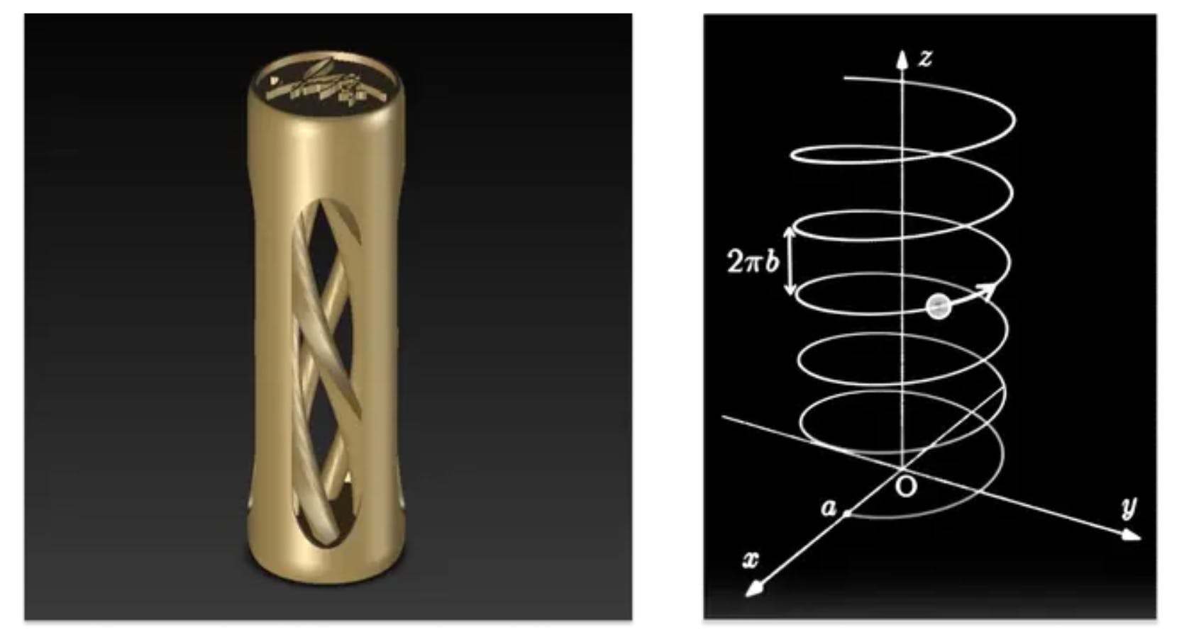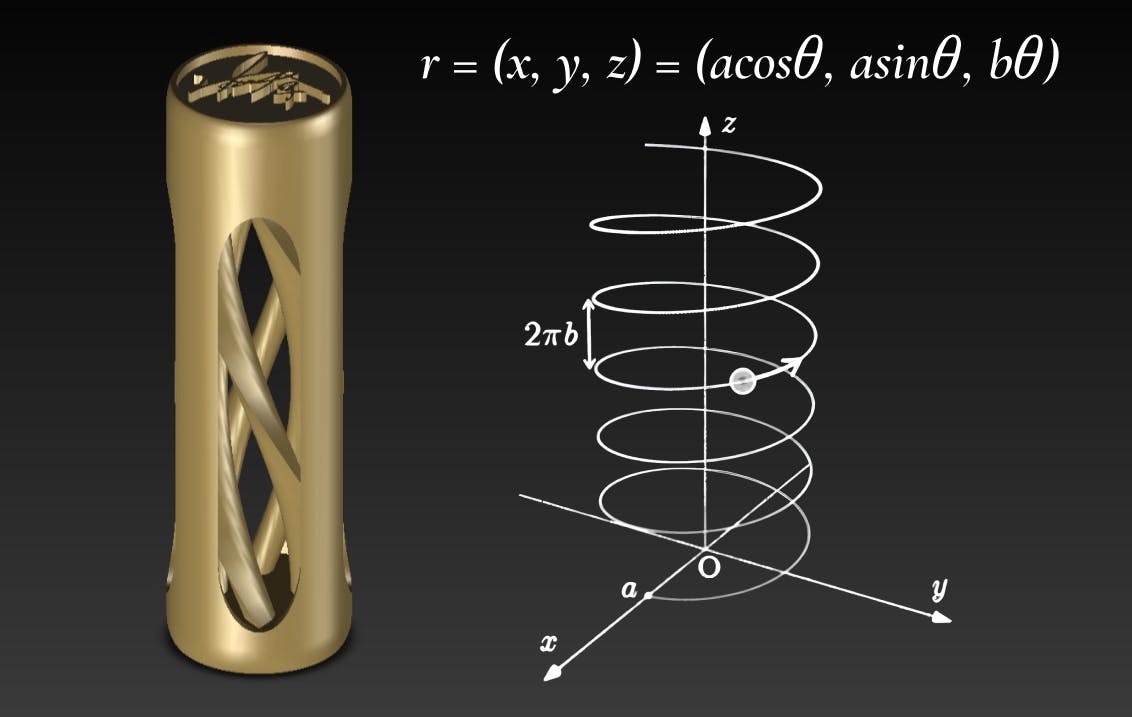 r = (x, y, z) = (acosθ, asinθ, bθ) に基づいて設計しており、螺旋の柱の断面が雫型になったことで、光を当てると柱の中央に一本の筋が浮かび上がるようになりました。
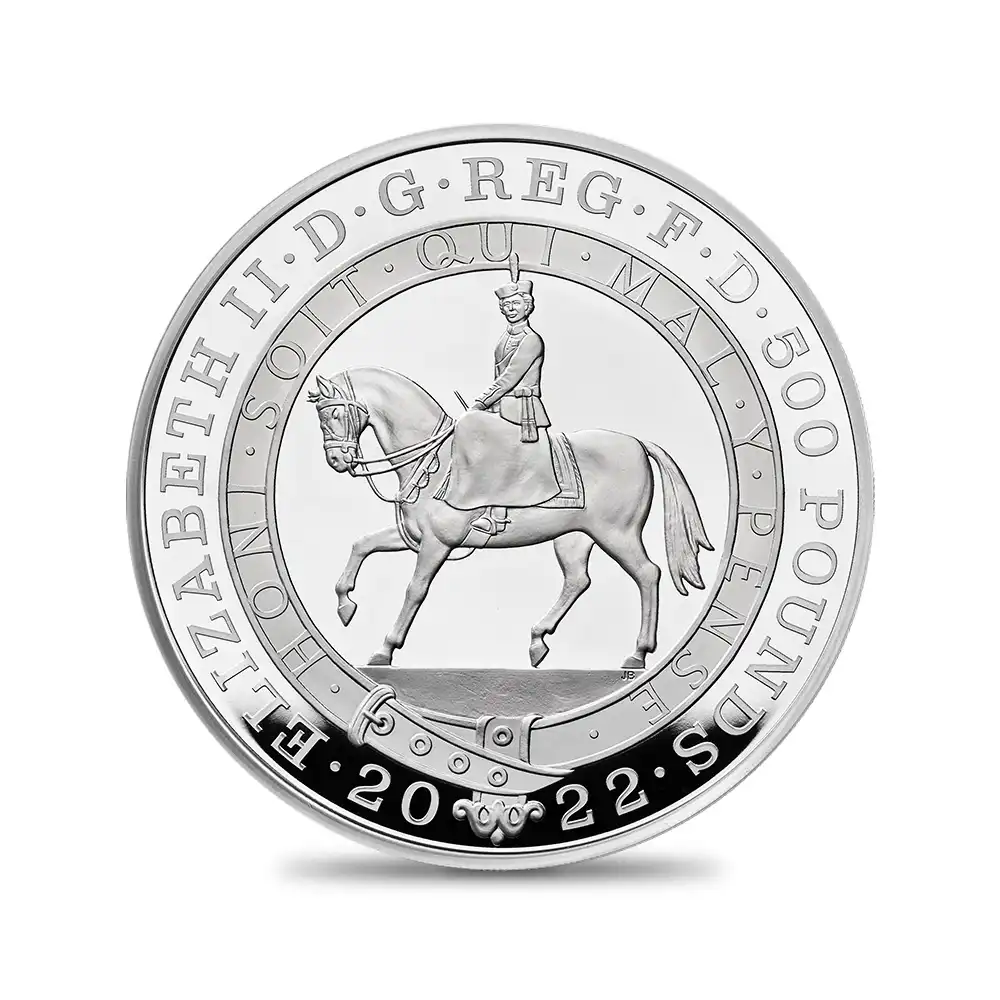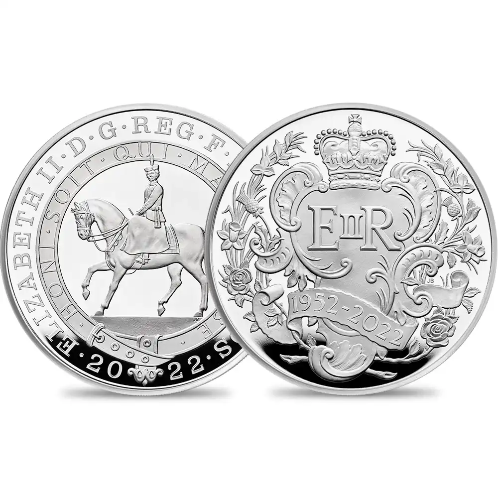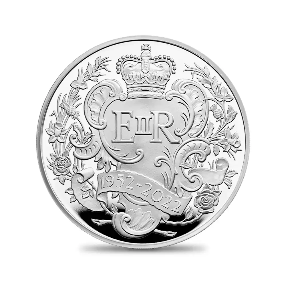 70年という前人未到の記録を樹立しつつある現英国女王エリザベス2世ですが、その非現実的とも思える事象をコイン上に現実的に体現することは至難の業です。しかしこの度の商品ラインアップのリストを見てみますと、この捉えどころの無い程に偉大なる功績が見事に視覚化されている点に驚かされます。中でも今回ご紹介させて頂く10ポンドから1000ポンドまでの限定版ゴールドとシルバーコインのデザインはプラチナジュビリーならではの特別仕様で、かつてリリースされたジュビリー関連のコインと比較しても遜色の無いものとなっています。この21世紀屈指の傑作の生みの親は、ロイヤルミントの経験豊かな実力派デザイナー、ジョン・バーグダールです。伝統に敬意を表しつつも現代的感覚が感じられる完成度の高い意匠が、この空前絶後のアニバーサリーを現代の事象として捉えていると感じさせるところに好感が持てます。このバージョンのコイン表面には、1953年の戴冠記念クラウン貨と2002年のゴールデンジュビリークラウン貨で用いられていたものと思しき馬上の女王の肖像へのオマージュが掲げられています。そして裏面ですが、先ず上部に至高の英国王位を象徴する大英帝国王冠が見られ、中央にはロイヤルサイファと称する女王の王名を簡略化した紋章、さらに下部には治世の始まりの年1952から本年2022年までの西暦がそれぞれバランスよく配置されています。そしてその周囲には多種多様な花々が咲き乱れ、この超然の瞬間を華麗に彩っています。英国王室の栄光の軌跡とロイヤルミントの1000年にわたる悠久の歴史を象徴するモダンコインの大作の満を持しての解禁となります。
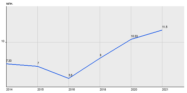 7.33 млн. руб, а в 2021 году - 11.5 млн. руб. Таким образом, средняя стоимость двухкомнатных квартир в районе "Хорошёво-Мнёвники" за
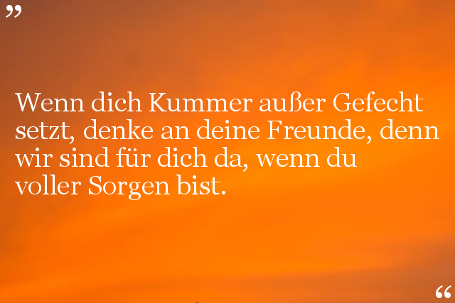Wenn dich Kummer außer Gefecht setzt, denke an deine Freunde, denn wir sind für dich da, wenn du voller Sorgen bist.
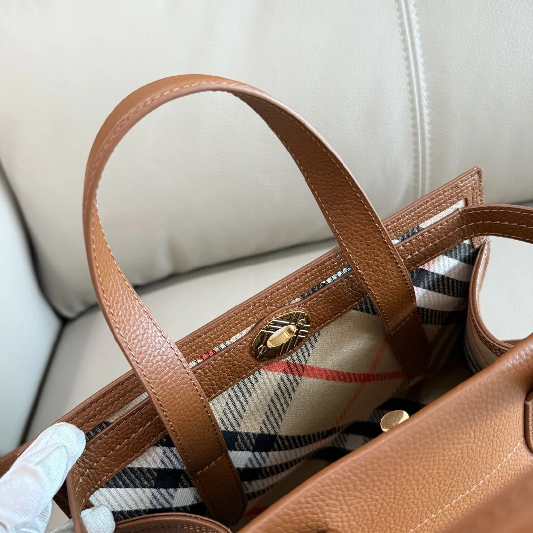 Top Grade 24cm B New Model Tote Bag, crafted from Italian imported grained calfskin leather with a cotton blend lining, elegantly finished with the iconic Haymarket check patter..
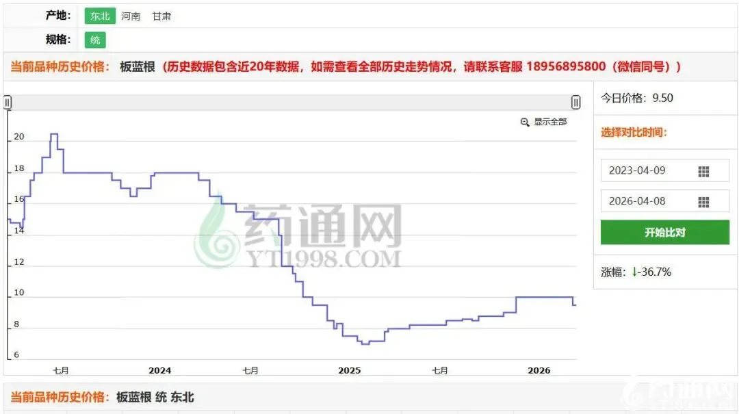 板蓝根兼具药用价值与市场刚需属性,是清热解毒类中药材的核心品种,常年为药厂、饮片厂的常规备货品类,市场需求相对稳定,也正因如此,其种植规模易受前期行情影响出现波动。回顾此前市场走势,板蓝根曾因阶段性行情向好,引发产区种植户扩种热情,种植面积大幅增加,直接导致市场库存积压严重,整体供应端呈现过剩状态。而需求端方面,此前特殊时期的抢购囤货现象已完全消退,下游企业回归理性采购模式,药厂、饮片厂均严格按需备货,市场需求趋于平稳甚至略有收缩,缺乏支撑价格上行的核心动力,供需失衡的基本面成为此次价格回落的关键诱因。

### ASSIGNMENT
A word-for-word transcription of the listing is needed, minus its images.

### RESPONSE AREA
 r = (x, y, z) = (acosθ, asinθ, bθ) に基づいて設計しており、螺旋の柱の断面が雫型になったことで、光を当てると柱の中央に一本の筋が浮かび上がるようになりました。
 70年という前人未到の記録を樹立しつつある現英国女王エリザベス2世ですが、その非現実的とも思える事象をコイン上に現実的に体現することは至難の業です。しかしこの度の商品ラインアップのリストを見てみますと、この捉えどころの無い程に偉大なる功績が見事に視覚化されている点に驚かされます。中でも今回ご紹介させて頂く10ポンドから1000ポンドまでの限定版ゴールドとシルバーコインのデザインはプラチナジュビリーならではの特別仕様で、かつてリリースされたジュビリー関連のコインと比較しても遜色の無いものとなっています。この21世紀屈指の傑作の生みの親は、ロイヤルミントの経験豊かな実力派デザイナー、ジョン・バーグダールです。伝統に敬意を表しつつも現代的感覚が感じられる完成度の高い意匠が、この空前絶後のアニバーサリーを現代の事象として捉えていると感じさせるところに好感が持てます。このバージョンのコイン表面には、1953年の戴冠記念クラウン貨と2002年のゴールデンジュビリークラウン貨で用いられていたものと思しき馬上の女王の肖像へのオマージュが掲げられています。そして裏面ですが、先ず上部に至高の英国王位を象徴する大英帝国王冠が見られ、中央にはロイヤルサイファと称する女王の王名を簡略化した紋章、さらに下部には治世の始まりの年1952から本年2022年までの西暦がそれぞれバランスよく配置されています。そしてその周囲には多種多様な花々が咲き乱れ、この超然の瞬間を華麗に彩っています。英国王室の栄光の軌跡とロイヤルミントの1000年にわたる悠久の歴史を象徴するモダンコインの大作の満を持しての解禁となります。
 7.33 млн. руб, а в 2021 году - 11.5 млн. руб. Таким образом, средняя стоимость двухкомнатных квартир в районе "Хорошёво-Мнёвники" за
Wenn dich Kummer außer Gefecht setzt, denke an deine Freunde, denn wir sind für dich da, wenn du voller Sorgen bist.
 Top Grade 24cm B New Model Tote Bag, crafted from Italian imported grained calfskin leather with a cotton blend lining, elegantly finished with the iconic Haymarket check patter..
 板蓝根兼具药用价值与市场刚需属性,是清热解毒类中药材的核心品种,常年为药厂、饮片厂的常规备货品类,市场需求相对稳定,也正因如此,其种植规模易受前期行情影响出现波动。回顾此前市场走势,板蓝根曾因阶段性行情向好,引发产区种植户扩种热情,种植面积大幅增加,直接导致市场库存积压严重,整体供应端呈现过剩状态。而需求端方面,此前特殊时期的抢购囤货现象已完全消退,下游企业回归理性采购模式,药厂、饮片厂均严格按需备货,市场需求趋于平稳甚至略有收缩,缺乏支撑价格上行的核心动力,供需失衡的基本面成为此次价格回落的关键诱因。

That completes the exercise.